No matter where Canadians take in the event, they’re were cautioned to wear eclipse glasses to prevent serious eye damage.

In Vancouver, a large crowd gathered on the grass outside the H.R. MacMillan Space Centre and broke into a cheer when the eclipse reached its peak.

“It’s a once in a lifetime experience,” said Sarah Tanveer, who travelled to Vancouver from Port Coquitlam, B.C., to watch the eclipse.

People started showing up at the centre at 6 a.m. in advance of the partial eclipse starting at 9:10 a.m., said Michael Unger, a programs co-ordinator at the centre.

“Everyone is pretty passionate about the eclipse, which is really fun,” he said, noting that the centre ran out of eclipse glasses “very early” and was encouraging people to share.

In addition to the protective glasses, many people at the centre were also toting pinhole shoebox or cereal box projectors, which allow viewers to look at a reflection of the sun on the inside of the box rather than looking at it directly and damaging their eyes.

Arman Tavakoli, 28, and Louise Harding, 24, made a pinhole projector out of a shoebox because they had heard eclipse glasses were sold out everywhere.

“It’s a cool science thing. You get to make your own device and look at it,” said Tavakoli, a math student.

Mankaran Chani, 12, waited in line with his parents to view the eclipse through a solar telescope. He said he was really interested in the science behind the eclipse.

“It’s interesting how the moon can overshadow the sun even though the sun is much bigger than the moon,” he said.

In Calgary, close to 2,000 sun watchers were lined up at the Telus Spark science centre when it opened its doors. Most rushed to the long line of tables to build their own eclipse viewers.

“We did try and get the eclipse glasses and were unable to because they were sold out across Calgary so we got the next best thing,” said Sarah Bain, who was there with her husband Cory and five-year-old twins Nolan and Elizabeth. The eclipse trip was part of a staycation for the family.

“We figured why don’t we come as a family and enjoy the day.”

Raman Kapoor said she wouldn’t have missed an opportunity to see the eclipse with her son and daughter.

“These kind of experiences come once in a lifetime or maybe once in every 20 or 30 years so when you have the opportunity you take it and see what nature has to show us,” she said.

Kapoor’s nine-year-old son, Yuva, had been waiting for the eclipse for weeks.

“I’m really excited to see the eclipse because I’ve never seen one. I think it’s going to look like a cookie that’s been bitten.”

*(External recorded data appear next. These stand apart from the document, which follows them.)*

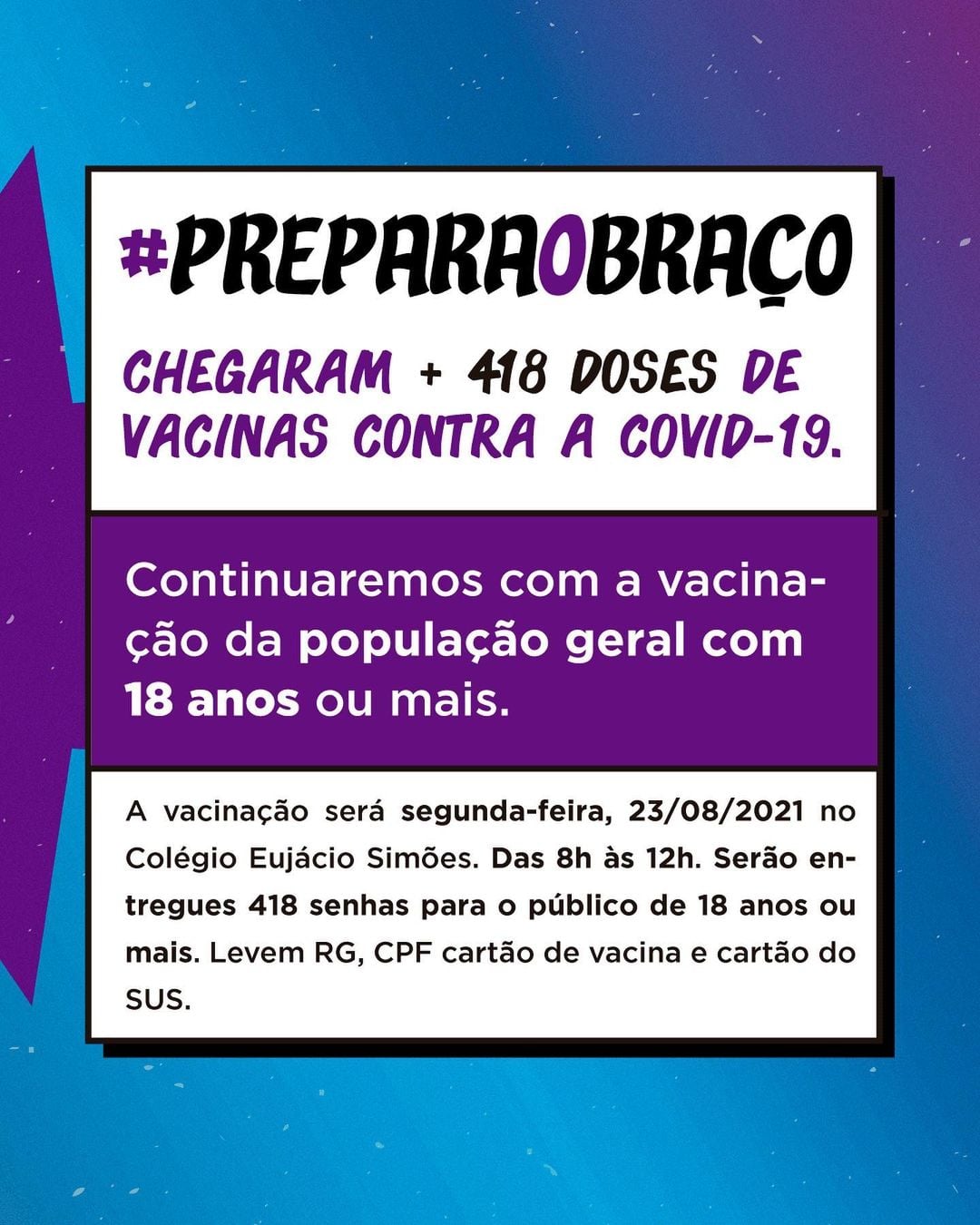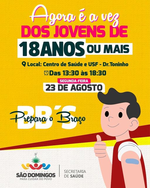 Mas para esta segunda-feira, 23, tem pelo menos 5 municípios convocado jovens de 18 anos ou mais.
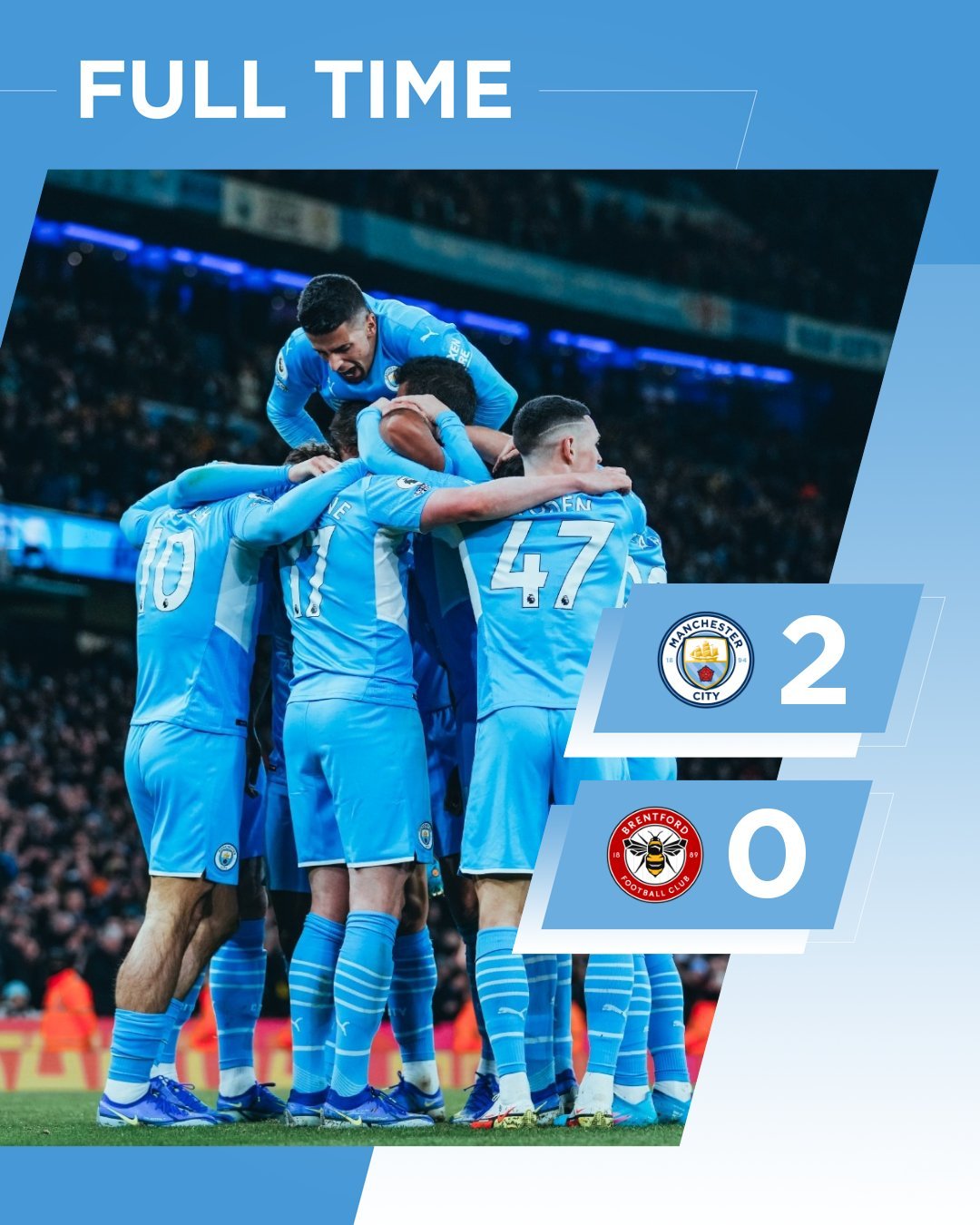 با این نتیجه تیم فوتبال منچستر سیتی با کسب پیروزی فصل 60 امتیازی شد و در صدر جدول ماند.
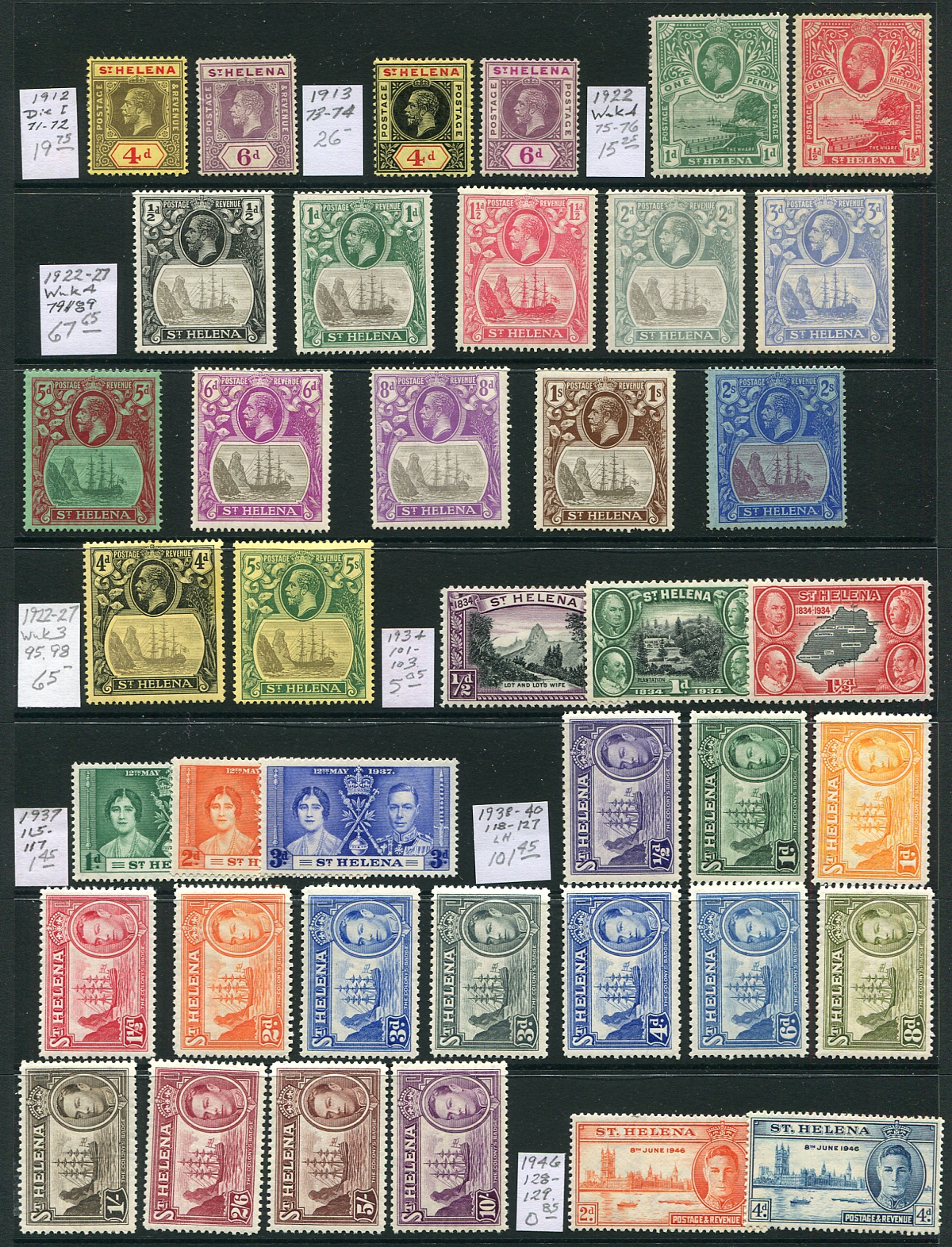 A combination offering consisting of Saint Helena featuring a primarily mint hinged / never hinged offering of 147 stamps, 1864-1970 (#5/235) catalogue US$929.25. Complemented nicely with a selection of Saint Christopher (#1/18) 1870-1886 with 10 stamps, both mint and used, catalogue US$186.00. All neatly arranged and identified on stockpages. 2026 Scott US$1,115.25 =

In Toronto, the Dunlap Institute was hosting an eclipse watching party at the Canadian National Exhibition, where about 20 astronomers were on hand with solar telescopes and eclipse glasses.

Luis Canora, 24, of Mississauga, Ont., was at the event to watch his first partial eclipse.

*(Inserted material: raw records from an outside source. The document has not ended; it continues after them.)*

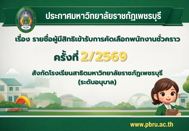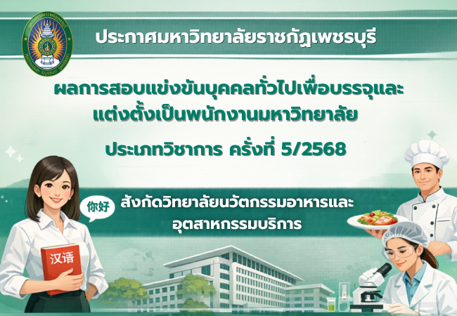 ข่าวรับสมัครงาน ข่าวรับสมัครงาน ทั้งหมด All ประกาศผลสอบ ประกาศรับสมัคร ประกาศรายชื่อผู้มีสิทธิ์สอบ ผลการสอบแข่งขันบุคคลทั่วไปเพื่อบรรจุและแต่งตั้งเป็นพนักงานมหาวิทยาลัย ประเภทวิชาการ ครั้งที่ 5/2568 สังกัดวิทยาลัยนวัตกรรมอาหารและอุตสาหกรรมบริการ 27 มีนาคม 2026 รายชื่อผู้มีสิทธิเข้ารับการคัดเลือกลูกจ้างชาวต่างประเทศ สังกัดโรงเรียนสาธิตมหาวิทยาลัยราชภัฏเพชรบุรี 27 มีนาคม 2026 List of Eligible Candidates for Selection of Foreign Employees (Affiliated with the Demonstration School of Phetchaburi Rajabhat University.) 27 มีนาคม 2026 รายชื่อผู้มีสิทธิเข้ารับการคัดเลือกพนักงานชั่วคราว ครั้งที่ 2/2569 สังกัดโรงเรียนสาธิตมหาวิทยาลัยราชภัฏเพชรบุรี (ระดับอนุบาล) 27 มีนาคม 2026 รายชื่อผู้มีสิทธิเข้ารับการคัดเลือกพนักงานชั่วคราว ครั้งที่ 3/2569 สังกัดคณะพยาบาลศาสตร์และวิทยาการสุขภาพ 27 มีนาคม 2026 ประกาศมหาวิทยาลัยราชภัฏเพชรบุรี เรื่อง ผลการคัดเลือกพนักงานชั่วคราว ครั้งที่ 1/2569 สังกัดกลุ่มงานพัฒนากายภาพ ภูมิสถาปัตย์และสิ่งแวดล้อม สำนักงานอธิการบดี ตำแหน่งพนักงานภาคสนาม 24 มีนาคม 2026 1 2 3 4 5 6 7 8 9 10 11 12 13 14 15 16 17 18 19 20 21 22 23 24 25 26 27 28 29 30 31 32 33 34 35 36 37 38 39 40 41 42 43 44 45 46 47 48 49 50 51 52 53 54 55 56 57 58 59 60 61 62 63 64 65 66 67 68 69 70 71 72 73 74 75 76 77 78 79 80 81 82 83 84 85 86 87 88 89 90 91 92 93 94 95 96 97 98 99 100 101 102 103 104 105 106 107 108 109 110 111 112 113 114 115 116 117 118 119 120 121 122 123 124 125 126 127 128 129 130 131 132 133 134 135 136 Next »
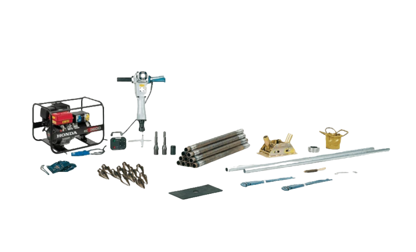 Drilling can be executed fast and efficient applying the so-called lost cone drilling method. Royal Eijkelkamp developed a manually controlled set using an electrical percussion hammer to hammer the lost-cone and the accompanying casing into the soil.
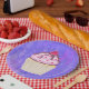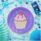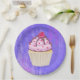 Paper plates with an illustration of a delicious looking cupcake. Pink frosting and chocolate drizzles. A yellow cupcake holder and a raspberry on top. Yummy! The background is a purple abstract texture with little hearts sprinkled around.
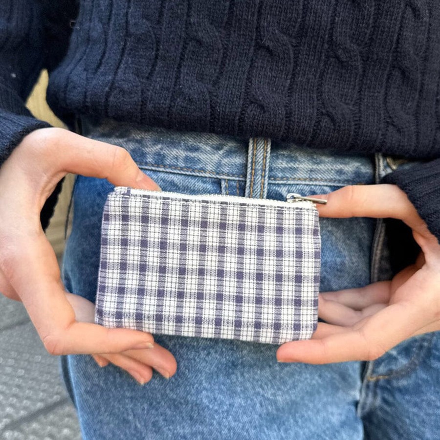 BM スタイル生地収納袋純綿手織りチェック柄ストライプキルティングクラッチバッグ収納化粧品袋
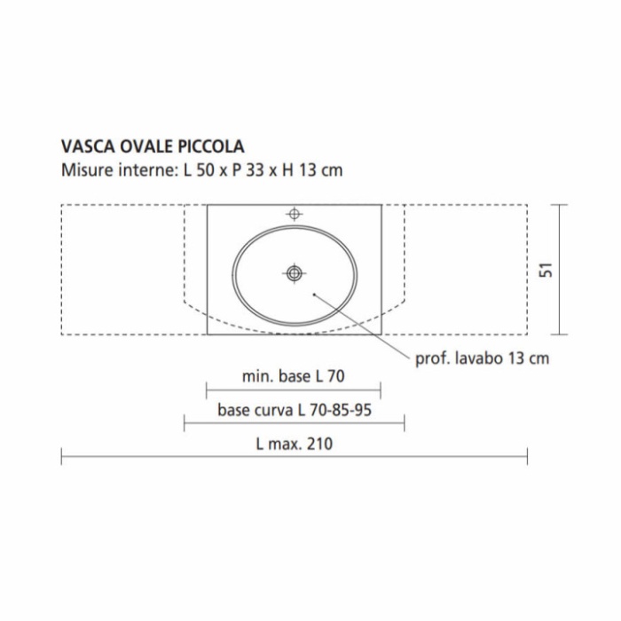 Dimensioni base portalavabo sospesa e.Gò Nodo Step mod. 34

“Most people have to travel really far just to even see an eclipse. The fact that this is happening in our own backyard is amazing,” he said. “There’s so much hype for this.”

Burlington, Ont., resident Jason Continenza, 43, said he decided to come down to the CNE with his family so he could catch the eclipse with the masses.

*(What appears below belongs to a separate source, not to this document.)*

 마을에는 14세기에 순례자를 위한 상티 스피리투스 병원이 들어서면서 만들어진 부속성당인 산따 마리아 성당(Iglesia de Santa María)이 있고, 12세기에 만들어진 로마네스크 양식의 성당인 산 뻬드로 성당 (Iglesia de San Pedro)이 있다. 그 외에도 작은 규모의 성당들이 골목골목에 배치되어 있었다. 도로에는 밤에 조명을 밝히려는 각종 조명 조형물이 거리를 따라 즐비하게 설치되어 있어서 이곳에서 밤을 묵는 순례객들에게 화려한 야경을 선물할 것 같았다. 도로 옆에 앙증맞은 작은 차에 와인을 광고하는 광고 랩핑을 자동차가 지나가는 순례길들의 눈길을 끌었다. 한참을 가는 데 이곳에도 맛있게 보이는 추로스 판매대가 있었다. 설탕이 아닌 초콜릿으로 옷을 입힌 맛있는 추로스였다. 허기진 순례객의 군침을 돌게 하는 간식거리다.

“It’s a sight to be seen,” he said, noting that he was still in school the last time there was an eclipse in the mid-1980s. “We weren’t allowed to look at it. They pulled the blinds down.”

Anya Fegan, 12, of Burlington, Ont., said she had just learned about the partial eclipse in science class.

“I learned all about it in school and now it’s actually happening,” she said. “I think it’s really interesting because you can kind of make out the moon. The moon is the black part and the sun is the bright orange part.”

In Saint John, where the Saint John Astronomy Club is holding viewing parties at two locations, Maggie Bockus, a retired teacher, said she expects watching the partial eclipse to make her feel “humble.”

“You think what you are doing is so important and then you look up and see the sun and moon,” she said. “You are less than a grain of salt…against this backdrop of majesty and power.”

Some communities, including Toronto and Windsor, Ont., also planned to close their outdoor municipal pools during the eclipse. Windsor’s aquatics manager called it a precautionary move due to the fact swimmers would be unlikely to resist looking up at the sky, even without protective eyewear.